Hundreds attended the dedication of the welfare center, which also includes offices for LDS Employment Services and LDS Family Services. The Church operates 44 Deseret Industries in Utah, Idaho, Nevada, Arizona, California, Washington and Oregon.
The new store, 175 W. 1400 North, Logan, Utah, is part and parcel to what takes place on a grand scale throughout many Western communities, said Curtis Ravsten, Church director of Deseret Industries.
Deseret Industries originated toward the end of the Depression in August 1938, in an effort to provide opportunities for individuals to become self-sustaining.
A letter from the First Presidency was read Aug. 14, 1938, in sacrament meetings throughout the Salt Lake Region, calling for contributions of "clothing, papers, magazines, articles of furniture, electrical fixtures, metal and glassware." The store would then employ men and women to sort, process, and repair the articles collected for sale and distribution among those who desire to obtain usable articles at a minimum cost, according to the letter.
During the 1960s and 1970s, the Deseret Industries stores also began to emphasize rehabilitation, helping train people with disabilities and others in need of vocational skills.
Brother Ravsten said three relatively new programs are examples of how the Deseret Industries are meeting needs today.
First, a skills training program offers individuals the opportunity to work at the Deseret Industries while earning a technical certificate. The Deseret Industries pays the tuition of qualified participants, who can receive job skills and a certificate in 12, 15 or 18 months.
Second, the Deseret Industries is currently in partnership with more than 200 communities or non-profit agencies to extend its reach. Just as bishops receive vouchers that members can redeem at Deseret Industries stores, non-cash vouchers are also being made available to local charitable organizations, which can pass them along to the people they serve. As part of the program, homeless organizations, inner-city schools, or youth support groups might receive vouchers.

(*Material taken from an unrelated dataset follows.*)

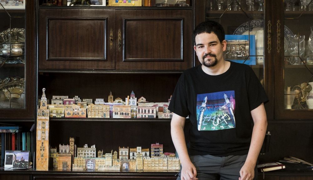 Hay una pequeña Sevilla a color en el mueble principal de su salón. "Ahora mismo tengo 70 edificios en la maqueta. Al principio eran de cajas de medicamento, ahora también tengo de cajas de latas de conservas, que me vienen muy bien para las calles de casas bajitas", explica Bernar, que dice no seguir ningún criterio, ya que hay edificios de diferentes barrios. "Hay gente que me pide que haga su casa, o su comercio, o su bar… En ese caso hago dos cajitas, una para esa persona y otra me la quedo", comenta el dibujante, que sigue recibiendo cajas de amigos y familiares.

Third, many Deseret Industries stores, including the new store in Logan, now include a Humanitarian Service Room. There, Church and community members can provide service and learn how they can contribute to the Church's worldwide humanitarian outreach.
Bishop James W. Kofoed of the Logan Utah Mount Logan Stake and manager of the Brigham City, Utah, Deseret Industries store, said miracles happen every day at the Deseret Industries.
He said as he often walks through a Deseret Industries store he wonders who would donate such high quality items. "It would hopefully be you," he said. "Hopefully, you would have a desire to donate your excess to Heavenly Father to bless the lives of other people."